If such a situation does occur during a DoE what would you recommend as the best course of action?  Repeat just the failed experiments with narrower ranges for the factors?  Enter an extreme value as the response or somehow otherwise indicate in the model that such an experiment failed? Start the DoE over with narrower factor ranges? I believe I've heard all of these possibilities suggested before when trying to deal with failed experiments within a DoE study.

 

Any further thoughts?  Thanks again for the advice!

statman
Super User

Re: DOE center points vs. historical process targets

Good questions.  Here are my thoughts:

1. The typical failure mode for level setting is TOO NARROW.  One hypothesis is because there is a fear of making bad product (which we have been taught to not do).  Remember, you are trying to create variation not pick the winner.  Bolder level settings increase the inference space with little resource ramifications.  Bold, but reasonable is my advice.

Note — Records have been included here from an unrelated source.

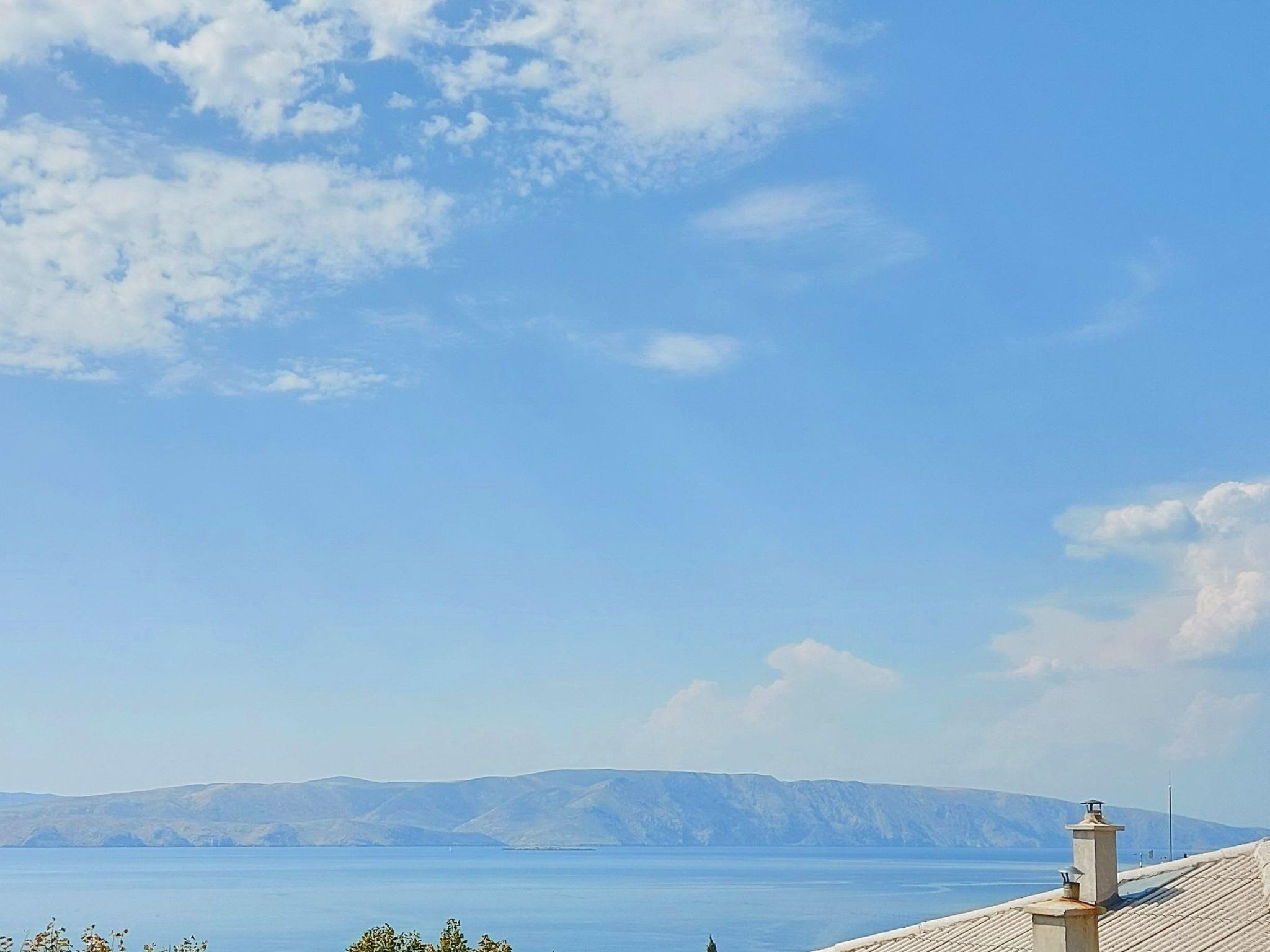 The holiday home has a ground floor and an upper floor. On the ground floor there are two bedrooms, a bathroom and a kitchenette. On the first floor there is a living room and dining room with air conditioning and 2 large sofa beds, a fully equipped kitchen and another bedroom with air conditioning and a bathroom. From the living area you can access the furnished balcony, which offers a view of the sea and the sunset. It is furnished with two folding chairs and a small table.
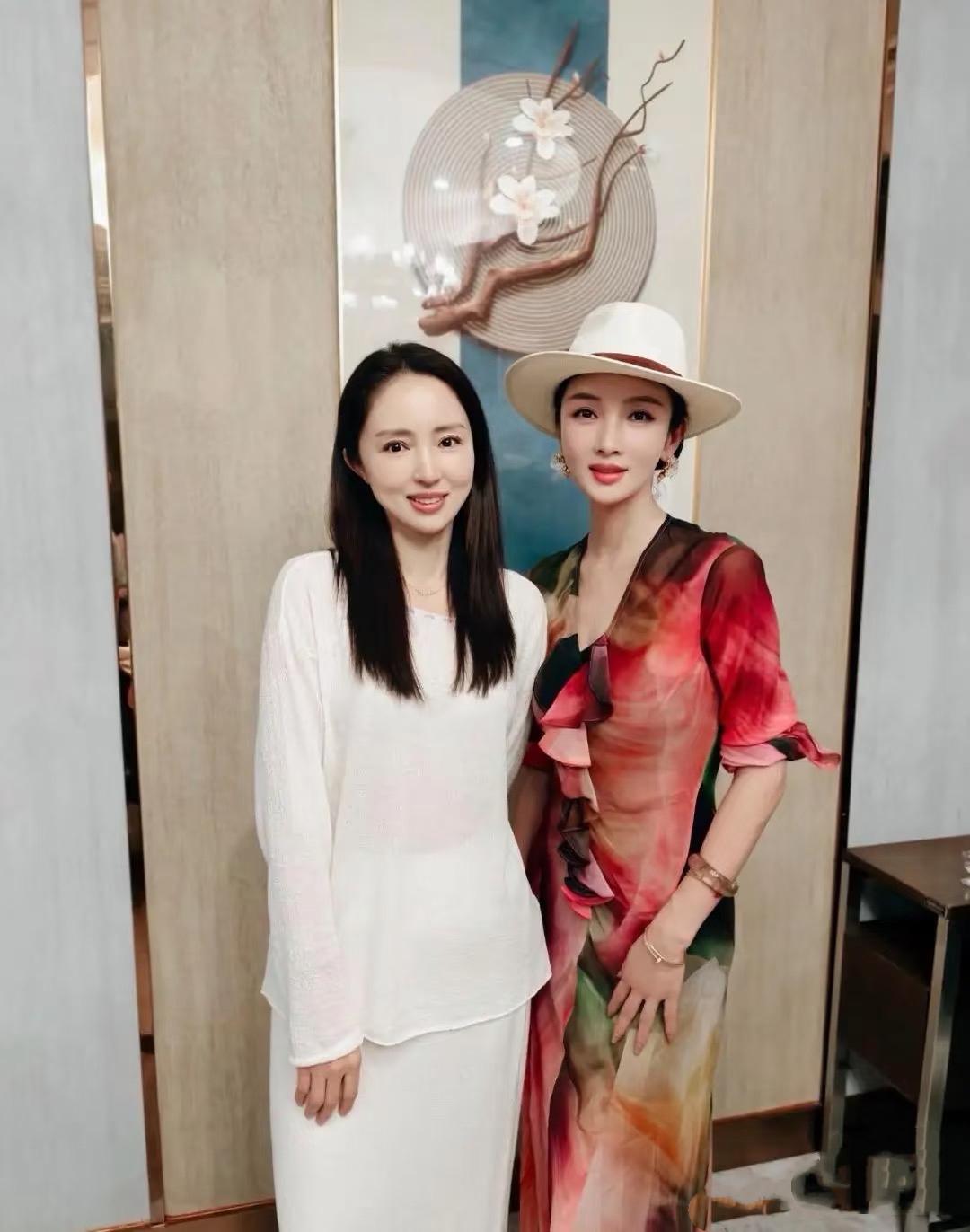 許久沒見的朋友聚會,都會認真打扮一番。董璇和好友的穿搭都很洋氣,尤其是好友還穿了一條修身的印染長裙,華麗富貴。
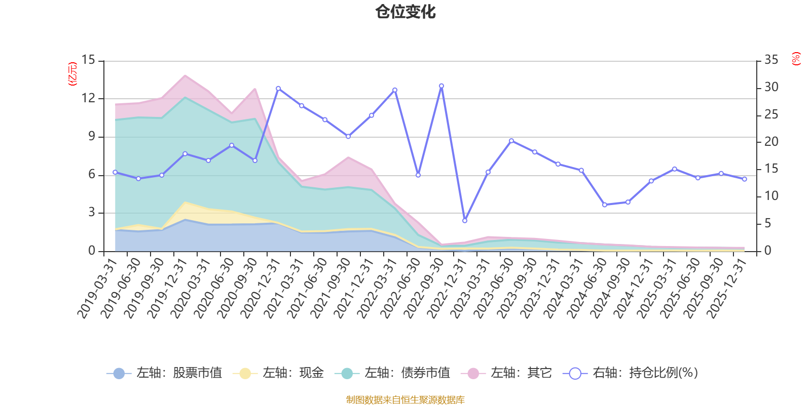 据定期报告数据统计,近三年平均股票仓位为14.23%,同类平均为72.57%。2022年三季度末基金达到30.39%的最高仓位,2022年末最低,为5.64%。

2. The other observation I have running experiments and teaching experimentation for 35 years, there is, perhaps subconscious, a desire to have the "best" level included in the experiment.  This is not necessary for sequential, iterative work.  I believe this is the effect of management wanting an answer quick rather than understanding the problem and causal structure.  Say the word iteration to management and they think time and money...

3. Advice I give is to PREDICT ALL possible outcomes of the experiment (i.e., What will you do if there is no practical change in the response variables? What will you do if there is a significant change in the response variables, but none of the factors are significant? What will you do if there is special cause variation during the experiment? What will you do if factor A is significant, What if it is not?, etc.).  In addition, I suggest predicting the value for the response variable for each treatment.  One of the benefits of this prediction is you can think about run order.  Let's say you are uncertain about level setting.  You run the treatments predicted to have the best value and the treatment predicted to have the worst value as the first 2 runs of the experiment.  If there is no variation created, you re-think the level setting of the factors.  If there is a significant amount of variation created, then proceed with the experiment.

4. I once asked Dr. Taguchi this very question many years ago.  He said first that the treatment combination that produced no result may be the most informative treatment in the experiment.  He also spent a good deal of time trying to understand what actually happened when the process failed, and created a response variable that quantified that phenomena.  In fact, I think Taguchi's thinking about response variables is one of his most significant contributions to the field.

5. Replicating just that treatment combination leads to the issue of confounding block effect with the replicated treatment, so be cautious with this approach.

6. If you lose only one treatment, you can regress on the remaining data to estimate what that result may have been and use that value to salvage the rest of the experiment. (Or use the mean of the remaining data as the substitute value which has the effect of removing that treatment effect).  If you use a substitution concept, my advice is to do multiple substitutions and see to what extent they agree.  Ifg the agreement is sufficient, then go with it.  If not, then you have to think about additional runs.

 

"All models are wrong, some are useful" G.E.P. Box
djw238
Level II

Re: DOE center points vs. historical process targets

Thank you for the very detailed response and suggestions!  I found it very useful and I hope others will as well.